Restate the whole of the data below word for word, skipping the images.

Data extract
◇ ◇ ◇ ◇ ◇ ◇ ◇

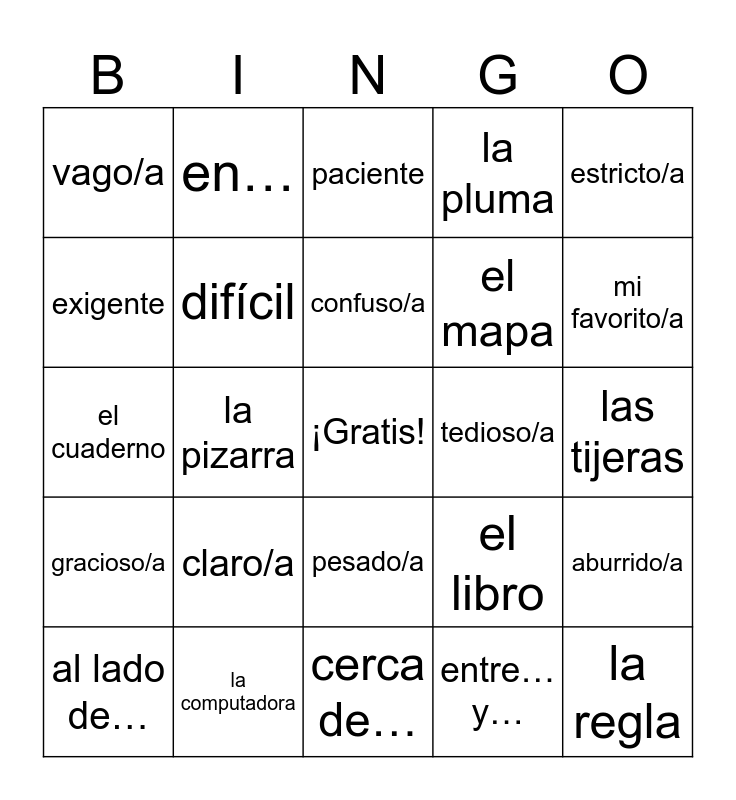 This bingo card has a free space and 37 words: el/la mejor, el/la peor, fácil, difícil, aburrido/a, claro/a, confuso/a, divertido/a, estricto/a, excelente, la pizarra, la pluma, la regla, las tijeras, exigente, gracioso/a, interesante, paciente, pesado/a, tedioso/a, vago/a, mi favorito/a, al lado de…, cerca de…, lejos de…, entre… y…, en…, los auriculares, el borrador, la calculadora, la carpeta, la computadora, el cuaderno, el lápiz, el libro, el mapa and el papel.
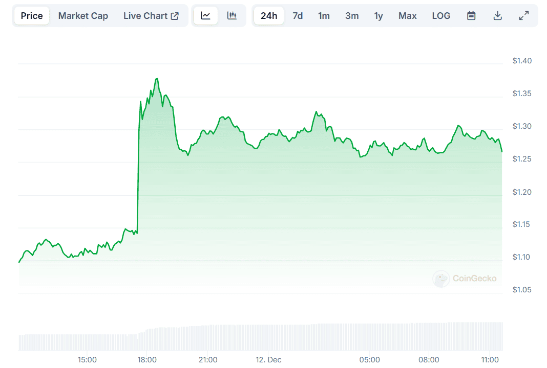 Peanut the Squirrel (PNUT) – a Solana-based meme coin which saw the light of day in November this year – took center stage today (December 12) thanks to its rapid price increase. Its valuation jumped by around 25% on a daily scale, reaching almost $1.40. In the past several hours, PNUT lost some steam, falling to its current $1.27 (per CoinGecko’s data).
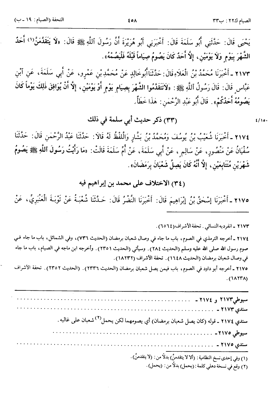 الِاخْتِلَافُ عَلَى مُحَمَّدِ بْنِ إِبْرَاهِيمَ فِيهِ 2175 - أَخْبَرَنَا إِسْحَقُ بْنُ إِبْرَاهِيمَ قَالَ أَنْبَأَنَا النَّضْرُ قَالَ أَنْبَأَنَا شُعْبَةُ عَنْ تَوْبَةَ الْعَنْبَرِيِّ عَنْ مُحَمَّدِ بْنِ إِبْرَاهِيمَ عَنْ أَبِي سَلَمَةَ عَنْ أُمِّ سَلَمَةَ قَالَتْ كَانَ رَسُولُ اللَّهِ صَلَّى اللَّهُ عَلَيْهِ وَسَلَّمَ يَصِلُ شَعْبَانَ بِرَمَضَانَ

◇ ◇ ◇ ◇ ◇ ◇ ◇

Output below
 This bingo card has a free space and 37 words: el/la mejor, el/la peor, fácil, difícil, aburrido/a, claro/a, confuso/a, divertido/a, estricto/a, excelente, la pizarra, la pluma, la regla, las tijeras, exigente, gracioso/a, interesante, paciente, pesado/a, tedioso/a, vago/a, mi favorito/a, al lado de…, cerca de…, lejos de…, entre… y…, en…, los auriculares, el borrador, la calculadora, la carpeta, la computadora, el cuaderno, el lápiz, el libro, el mapa and el papel.
 Peanut the Squirrel (PNUT) – a Solana-based meme coin which saw the light of day in November this year – took center stage today (December 12) thanks to its rapid price increase. Its valuation jumped by around 25% on a daily scale, reaching almost $1.40. In the past several hours, PNUT lost some steam, falling to its current $1.27 (per CoinGecko’s data).
 الِاخْتِلَافُ عَلَى مُحَمَّدِ بْنِ إِبْرَاهِيمَ فِيهِ 2175 - أَخْبَرَنَا إِسْحَقُ بْنُ إِبْرَاهِيمَ قَالَ أَنْبَأَنَا النَّضْرُ قَالَ أَنْبَأَنَا شُعْبَةُ عَنْ تَوْبَةَ الْعَنْبَرِيِّ عَنْ مُحَمَّدِ بْنِ إِبْرَاهِيمَ عَنْ أَبِي سَلَمَةَ عَنْ أُمِّ سَلَمَةَ قَالَتْ كَانَ رَسُولُ اللَّهِ صَلَّى اللَّهُ عَلَيْهِ وَسَلَّمَ يَصِلُ شَعْبَانَ بِرَمَضَانَ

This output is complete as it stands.